Huawei’s “Made by Huawei” HBM: From HiBL 1.0 to HiZQ 2.0

The most significant technical milestone is the proprietary HBM. The company mentions a first-generation “HiBL 1.0” for the 950PR (128 GB, 1.6 TB/s) and hints at a second-generation “HiZQ 2.0” with 144 GB and 4 TB/s. An accelerator house integrating its own branded HBM means a reduction in supply dependencies and potentially a custom-optimized relationship between bandwidth, latency, power consumption, and form factor.

In market terms, this step is monumental: HBM has become the hard currency of generative AI. It’s not just about FLOPS; memory and its effective bandwidth determine the context window and how many simultaneous queries a cluster can handle. If Huawei can stabilize production and performance of HiBL/HiZQ, it will gain leverage on pricing, delivery timelines, and scalability in the Ascend ecosystem.

950DT (Q4 2026): The Training Phase

The next step in the 950 series is the Ascend 950DT, scheduled for Q4 2026. Unlike the 950PR, this model is focused on training and jumps to HiZQ 2.0 (144 GB HBM and 4 TB/s bandwidth), promising higher memory throughput and improved tensor core performance during extended, distributed workloads.

Separating inference (950PR) from training (950DT) enables silicon, memory, and networking segmentation for each use case, rather than a one-size-fits-all design.

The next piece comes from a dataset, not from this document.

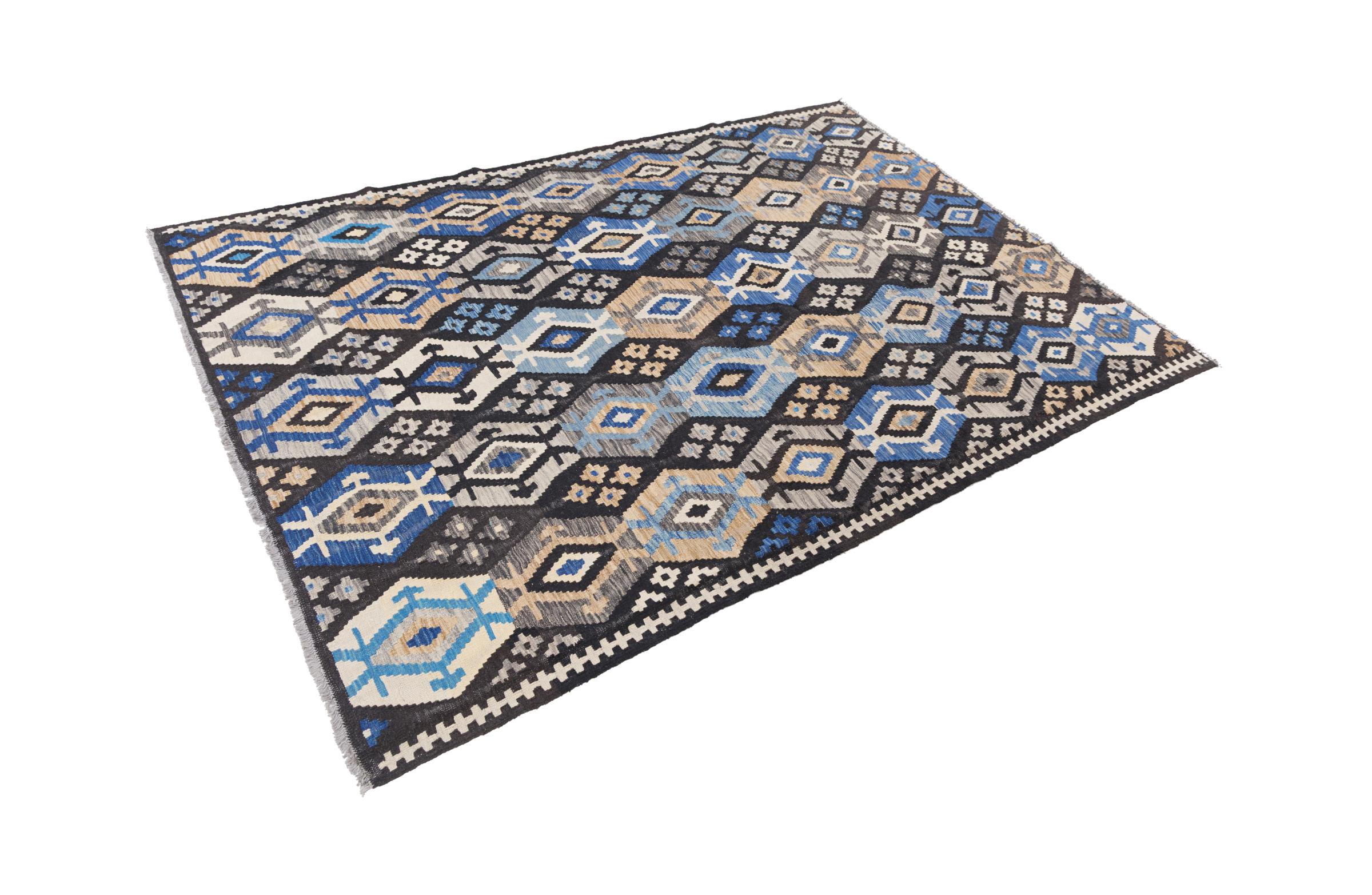 Carpet ID: 2948800051323 Size: 246x172 cm Thickness: ap. 3 mm Manufacturing: Woven by hand Pile: Handspun wool Warp: Sheep wool Origin: Afghanistan Age: New Weight: ap. 6 kg Also know as Kilim, Qilim, Chilim, Afgan, Afghán In stock: Unique - Only 1 in stock

This approach, observed in other companies, involves tuning heat profiles, schedulers, and precision modes (FP8/FP4) to maximize throughput for specific scenarios.

960 (Q4 2027): Expanded Memory, Bandwidth, and FLOPS

The roadmap continues with the Ascend 960, expected in Q4 2027, representing broad improvements across multiple fronts:

Interconnect of 2.2 TB/s, facilitating denser cluster topologies and faster synchronization.
Effective memory of 288 GB (likely HiZQ 2.0) and a memory bandwidth of 9.6 TB/s.
Compute capacity of 2 PFLOPS (FP8) and 4 PFLOPS (FP4).

This leap suggests two main focuses: first, doubling down on expanding the “memory bottleneck,” and second, sustained investment in low-precision compute (FP8/FP4), where industry yields the best performance-per-watt for many model architectures.

970 (2028): The “Grand Block” in Three Years

The plan closes with the Ascend 970, targeted for 2028. Huawei hints at “significant improvements” in memory and compute, but no official figures are provided. Based on the pattern of increases, a new step in HBM capacity, sustained bandwidth, interconnection, and FP8/FP4 FLOPS is expected. The critical question will be how to translate this “muscle” into total cost of ownership (TCO) advantages—density per rack, energy efficiency, and maintenance.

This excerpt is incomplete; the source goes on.